- Hangul: 세상에 부럼없어라
- RR: Sesange bureomeopseora
- MR: Sesange purŏmŏpsŏra

= We have nothing to envy in the world =

Phrase in North Korean propaganda

"We have nothing to envy in the world" is a common phrase in North Korean propaganda.

==Usage of the phrase==
The phrase was used in the gift packets the North Korean children receive during the Day of the Sun and Day of the Shining Star events since the 1970s. The phrase was also the title of a performance in North Korea commemorating the 70th anniversary of the Korean Children's Union in 2016. In a rock in Mount Kumgang the lyrics to the song with the same phrase is inscribed which was done commemorating the 25th anniversary of the Korean Children's Union in 1972. The phrase was also written on the one North Korean won.

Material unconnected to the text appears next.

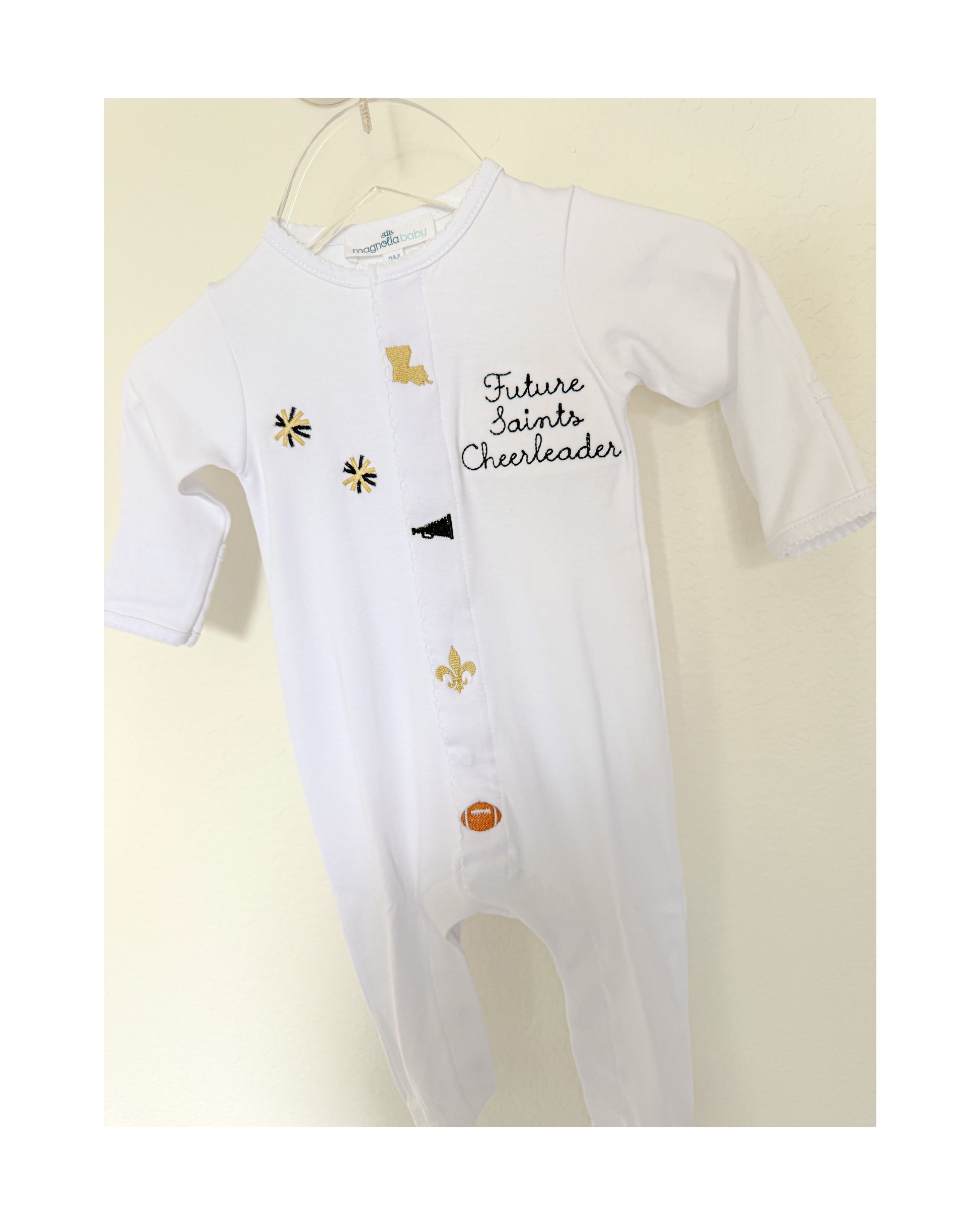 - Embroidered “Future Saints Cheerleader” with pom poms

==Works inspired from the phrase==
===Song===

The song was composed in 1961 by North Korean composer Kim Hyuk. The song was commonly sung during the 1980s but were not sung for a long time due to the North Korean famine in the 1990s until it was revived at the World Children's Day event in 2016.
The song received the Kim Jong Il Prize and Kim Il Sung Prize in May 2016. According to the Daily NK, the song's lyrics are reported to be parodied among the North Koreans.

===Film===
The film was made in 1970, and was produced by Pak Hak who directed the North Korean film The Flower Girl. The film incorporated Choi Seung-hee's version of the Buchaechum that was created in 1970 with the order of Kim Jong Il. The film is considered in North Korea as one of the greatest examples of films where the bangchang (Note: Bangchang (방창, 傍唱) is defined in the North Korean dictionary as "a song that explains and complements the mental state of the protagonist and dramatic progression" and is similar to job of Benshis that existed in the silent film era of Japan.) technique is applied.